I've name changed for this due to privacy concerns but HQ would be able to confirm I'm a regular on this board and am above board.
My Dd is watching this film as part of her drama GCSE. I've not personally heard of it. Dd says it's about a boy who is gay, something to do with drag and discrimination and Section 28. We have been discussing the misogyny of drag today and Dd told me they were watching this film. I think they've only recently started it and she doesn't know much about it but deems it boring.
I'm wondering if it's appropriate and thought here was the best place to ask for considered opinions.
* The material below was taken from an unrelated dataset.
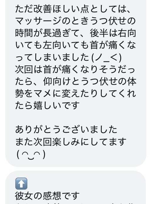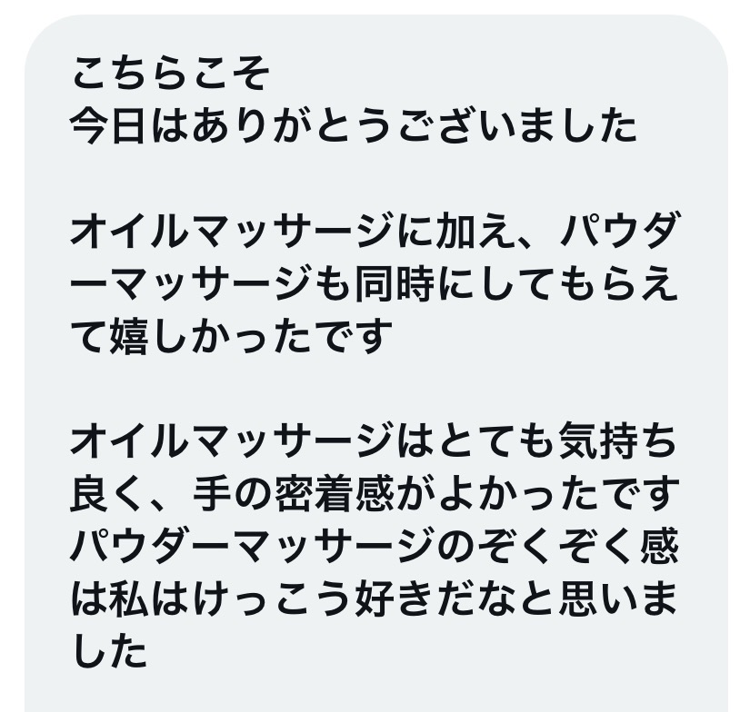 感想もとても面白い内容で返信頂きとても良い時間だったと言って頂けたのが嬉しかったです。なにより女性との関係構築や信頼感が重要であることを理解していただけてオイルマッサージの意味を深く理解して頂けたのが準備して本当によかったと思えました。

The teacher is gay and saying he and Jamie had things in common and that when he was in high school 15 years ago (2009) there was no gay people around, not in the media etc and he felt isolated. I left school in 1992 and there were gay lads at school, Freddie Mercury was big news, gay actors, other gay musicians etc. I don't remember many gay women though 🤔 but my point is that I left school in 1992 and there was plenty of gay people around so how was there less 17 years later?

Maybe Dd has misunderstood his explanation. Maybe it's standard drama GCSE material. Maybe I'm just a bit paranoid after two Dd have been through the school and had issues due to being GC.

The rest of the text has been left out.